*What this task involves*
Which lines run from the one containing "Modulo Bathroom furniture" through the end of the data? Write them out exactly, with the pictures left out.

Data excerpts
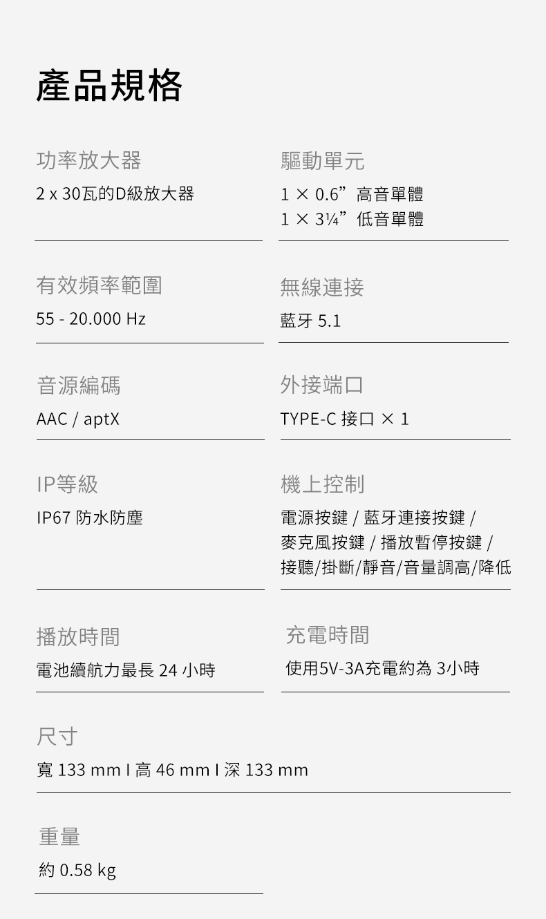 可攜式藍牙揚聲器配備升級版的重低音表現,令人驚艷的 360 度環繞播放和超乎想像的持久續航力。
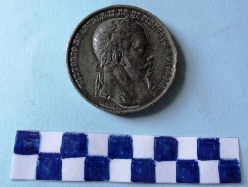 Di forma circolare. Sul recto al centro, in rilievo, busto laureato ed accollato a destra di Vittorio Emanuele II. Iscrizione lungo la corona e sotto la figura. Sul verso, al centro, in rilievo, iscrizione circondata da rami d'alloro e di quercia legati da nastro. Ulteriore iscrizione lungo la corona.
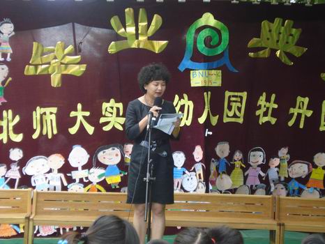 黄珊总园长也在百忙之中来到毕业典礼现场,祝贺孩子们长大了
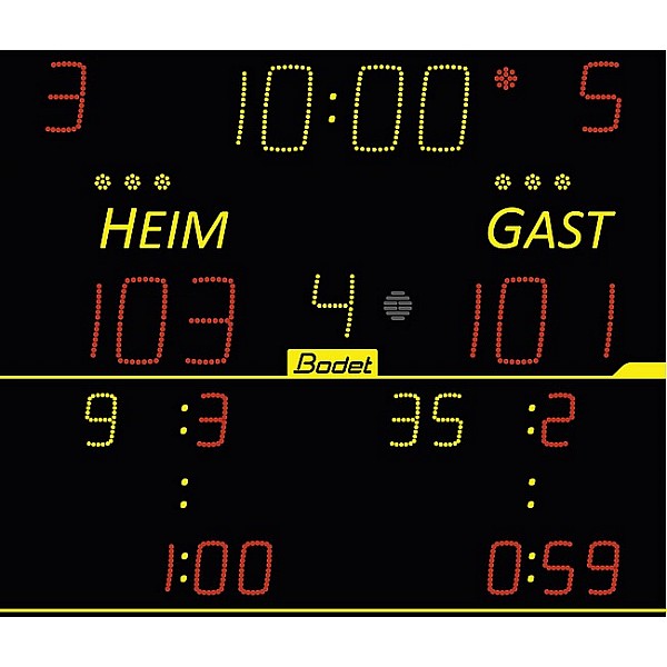 Display panel 8015 ALPHA, Bodet, incl. Scorepad control panel, with power supply and an emergency battery, running time control panel without power supply 15 min., Black body, (B x H x D) 120 x 70 x 6.55 cm, 25 kg of yellow and red LED numeric display, of 13 digits, character height 10 and 15 cm, displaying the team name, the display m playing time or time, display the scores and error team, display of time-outs, visibility 60, radio-controlled. Unfree from Herstellerwerk.Bauseitige power: electric supply, electrical connection and operation switches Scorepad long battery 4h operational time, included free of charge.
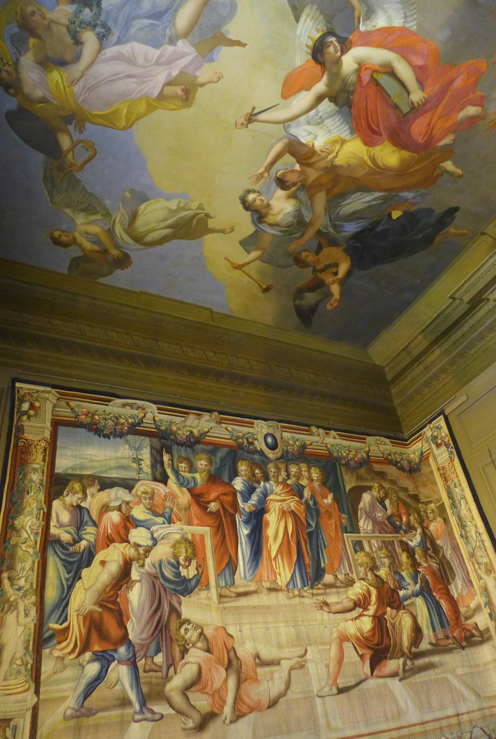 - Ceiling murals and Mortlake tapestries in Boughton House, Northamptonshire
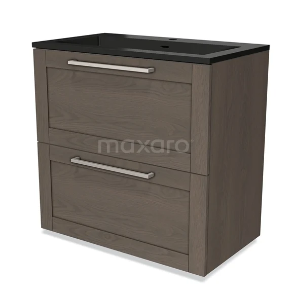 Modulo Bathroom furniture with sink | 80 cm Dark brown oak Frame front Quartz 2 stacked drawers under each other
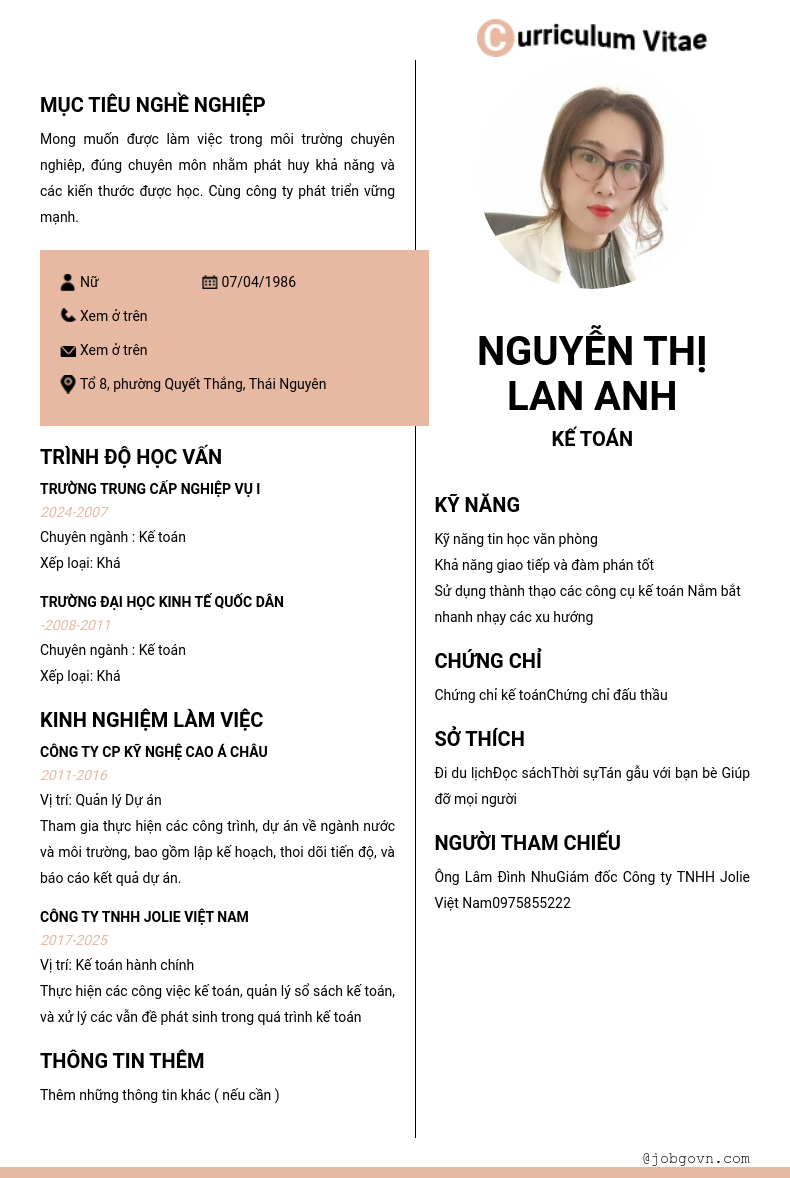 Chi tiết trong CV
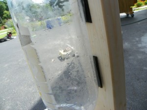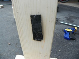 4) A continuación, adjunta una de las partes de la tira de velcro a lo largo de la longitud del listón de madera. La otra parte del velcro pégala a la botella.
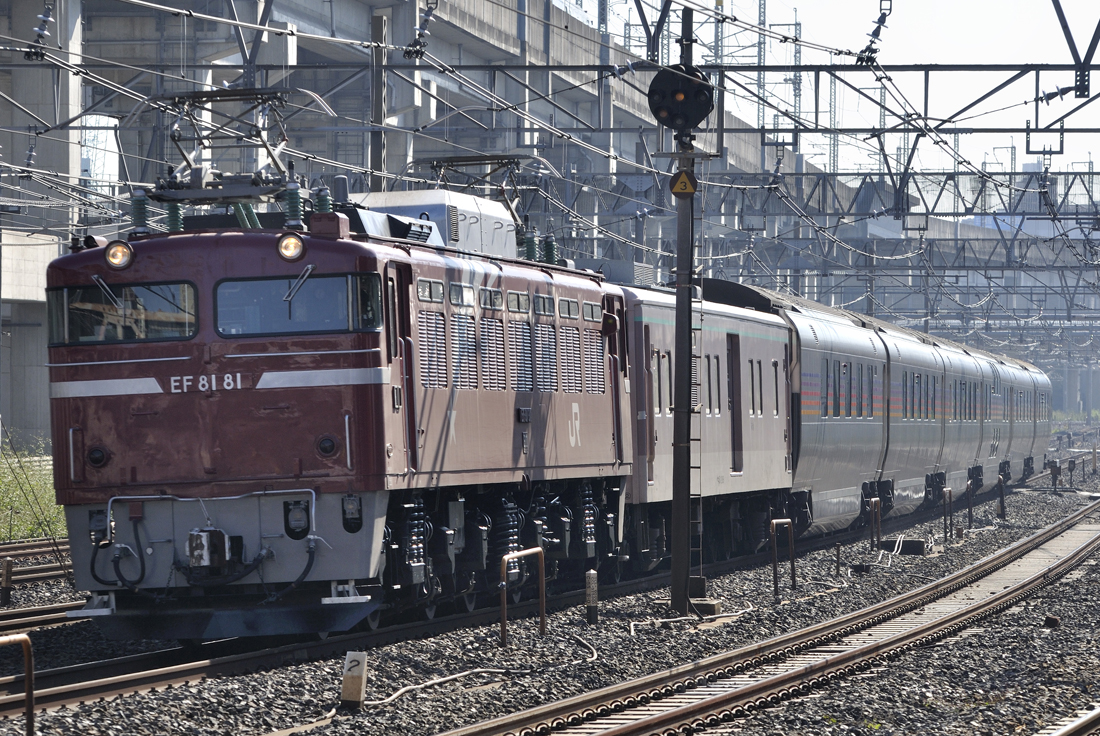 EF81-81+ゆうマニは東大宮へ。ここで折り返して当日中に尾久へ帰っていったようです。(撮影地:東北本線土呂駅)
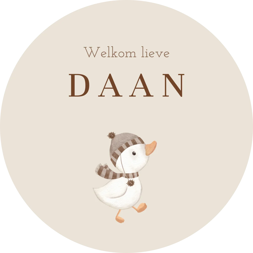 Een ronde raamsticker om de geboorte van jouw kindje aan te kondigen . De sticker heeft een beige achtergrond. Daarop zie je een lieve illustratie van een winters eendje. Het eendje heeft een muts op en sjaal om. Pas de ronde raamsticker naar wens aan in onze online editor.
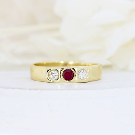 - 18ct Yellow Gold Rub Over Set Ruby & Diamond 3 Stone Ring £550.00Unit price /Unavailable
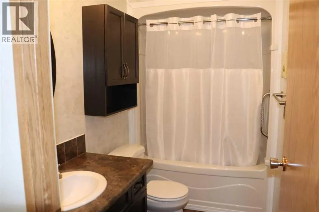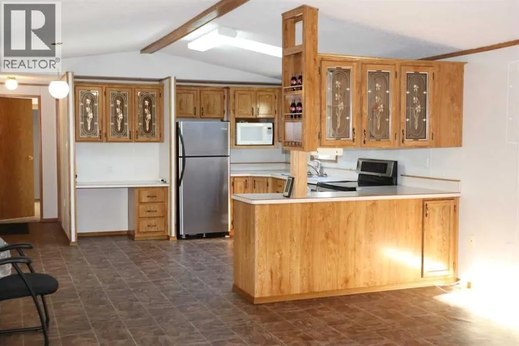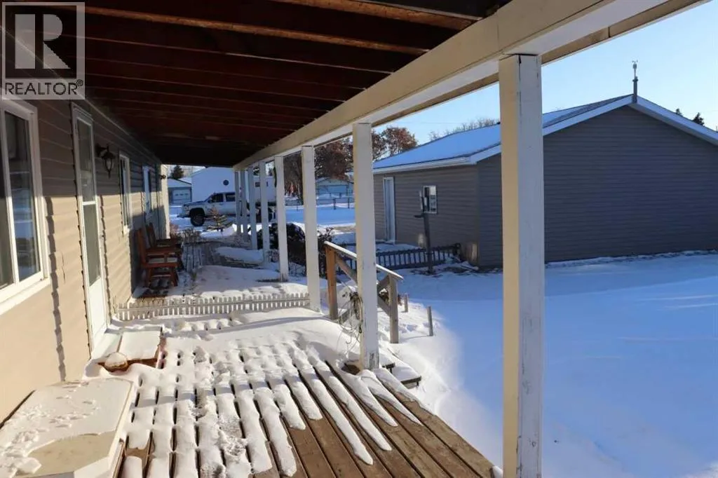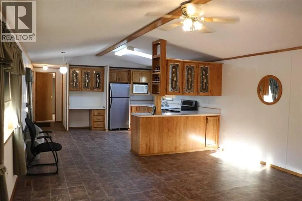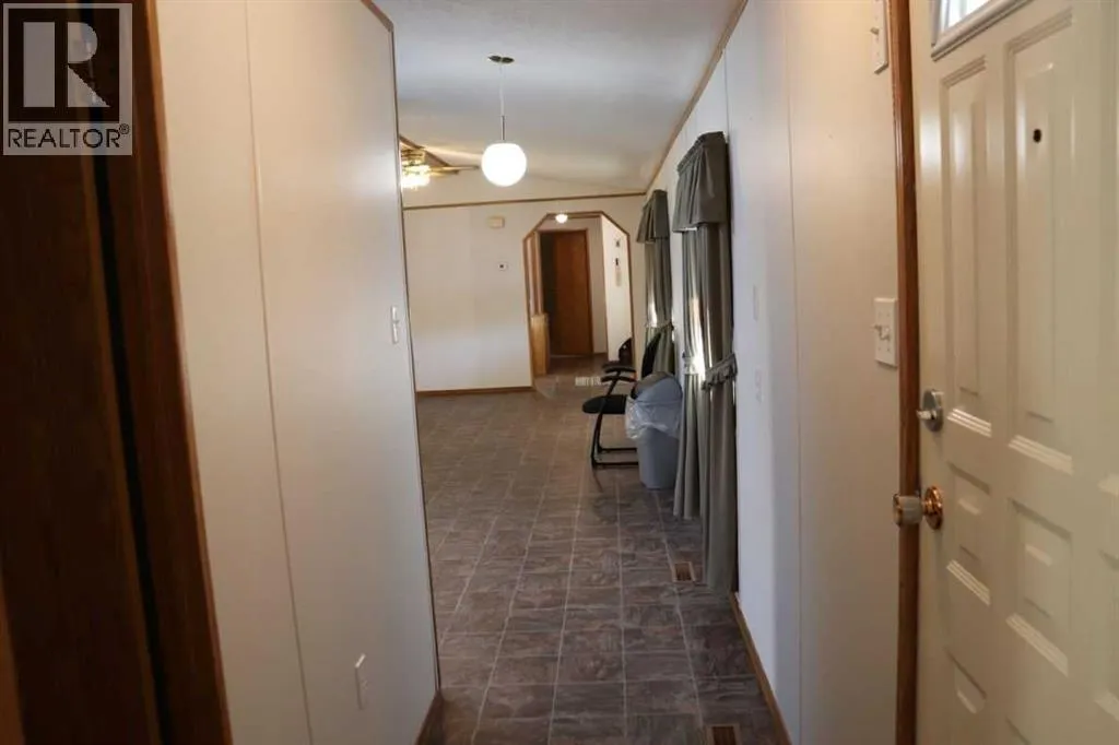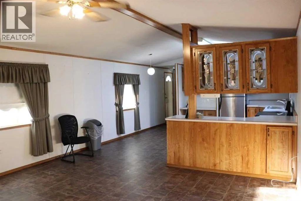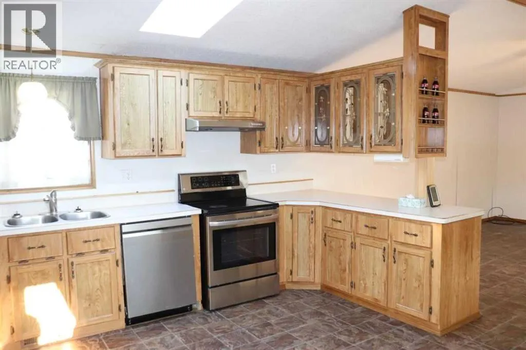 MOVE IN READY! Located in the quiet Village of Lougheed, this home has great access to HWY 13. This beautiful home is ready for a quick possession! Over 1200 sq ft andlocated on a double lot size! This 3 bedroom, 2 bathroom mobile home is open & bright with a spacious living room, large kitchen, 3 generously sized bedrooms, 4pc main bath, plus full 3pc ensuite! There is a very large covered deck, storage shed, and an OVERSIZED insulated garage measuring 32x26. The shingles are newer, newer furnace& HWT, newer appliances, and the best part, central air conditioning. This extremely well kept home is a must see! (id:27476)

*Exercise response*
 Modulo Bathroom furniture with sink | 80 cm Dark brown oak Frame front Quartz 2 stacked drawers under each other
 Chi tiết trong CV
 4) A continuación, adjunta una de las partes de la tira de velcro a lo largo de la longitud del listón de madera. La otra parte del velcro pégala a la botella.
 EF81-81+ゆうマニは東大宮へ。ここで折り返して当日中に尾久へ帰っていったようです。(撮影地:東北本線土呂駅)
 Een ronde raamsticker om de geboorte van jouw kindje aan te kondigen . De sticker heeft een beige achtergrond. Daarop zie je een lieve illustratie van een winters eendje. Het eendje heeft een muts op en sjaal om. Pas de ronde raamsticker naar wens aan in onze online editor.
 - 18ct Yellow Gold Rub Over Set Ruby & Diamond 3 Stone Ring £550.00Unit price /Unavailable
 MOVE IN READY! Located in the quiet Village of Lougheed, this home has great access to HWY 13. This beautiful home is ready for a quick possession! Over 1200 sq ft andlocated on a double lot size! This 3 bedroom, 2 bathroom mobile home is open & bright with a spacious living room, large kitchen, 3 generously sized bedrooms, 4pc main bath, plus full 3pc ensuite! There is a very large covered deck, storage shed, and an OVERSIZED insulated garage measuring 32x26. The shingles are newer, newer furnace& HWT, newer appliances, and the best part, central air conditioning. This extremely well kept home is a must see! (id:27476)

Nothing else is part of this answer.